** Data for processing follows **
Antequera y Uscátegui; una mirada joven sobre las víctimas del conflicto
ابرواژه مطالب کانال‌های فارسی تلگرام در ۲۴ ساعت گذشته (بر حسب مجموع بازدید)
** End of Data for processing **
** Data for processing follows **
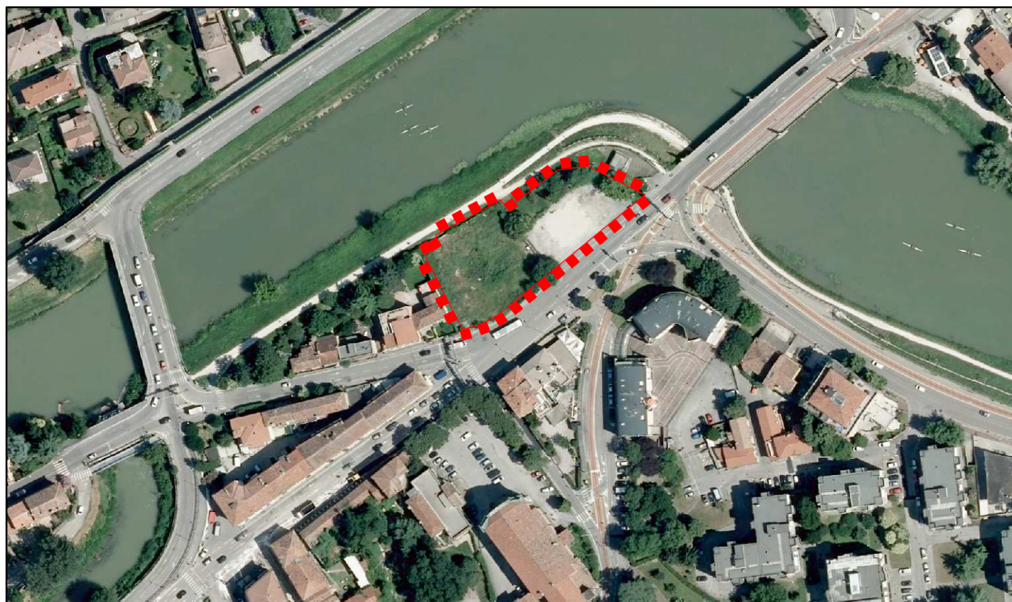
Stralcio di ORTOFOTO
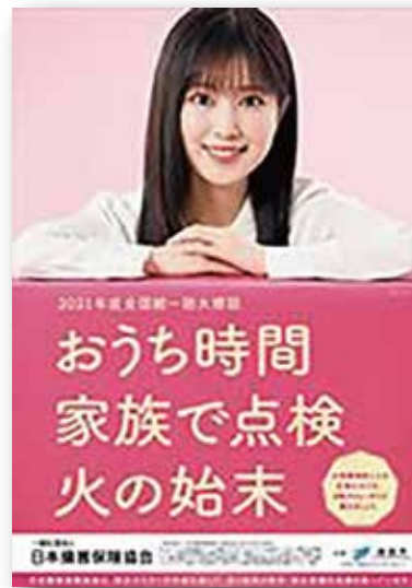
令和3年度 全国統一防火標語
** End of Data for processing **
** Data for processing follows **
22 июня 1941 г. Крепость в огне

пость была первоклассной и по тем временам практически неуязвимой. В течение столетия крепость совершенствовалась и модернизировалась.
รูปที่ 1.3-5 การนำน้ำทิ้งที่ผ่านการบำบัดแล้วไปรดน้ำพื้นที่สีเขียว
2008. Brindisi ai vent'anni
** End of Data for processing **
About this exercise: Retype only the lines above between the line with "22 июня 1941 г. Крепость в огне" and the line with "2008. Brindisi ai vent'anni", counting those two lines as well, and keep every character as it is.

Result:
22 июня 1941 г. Крепость в огне

пость была первоклассной и по тем временам практически неуязвимой. В течение столетия крепость совершенствовалась и модернизировалась.
รูปที่ 1.3-5 การนำน้ำทิ้งที่ผ่านการบำบัดแล้วไปรดน้ำพื้นที่สีเขียว
2008. Brindisi ai vent'anni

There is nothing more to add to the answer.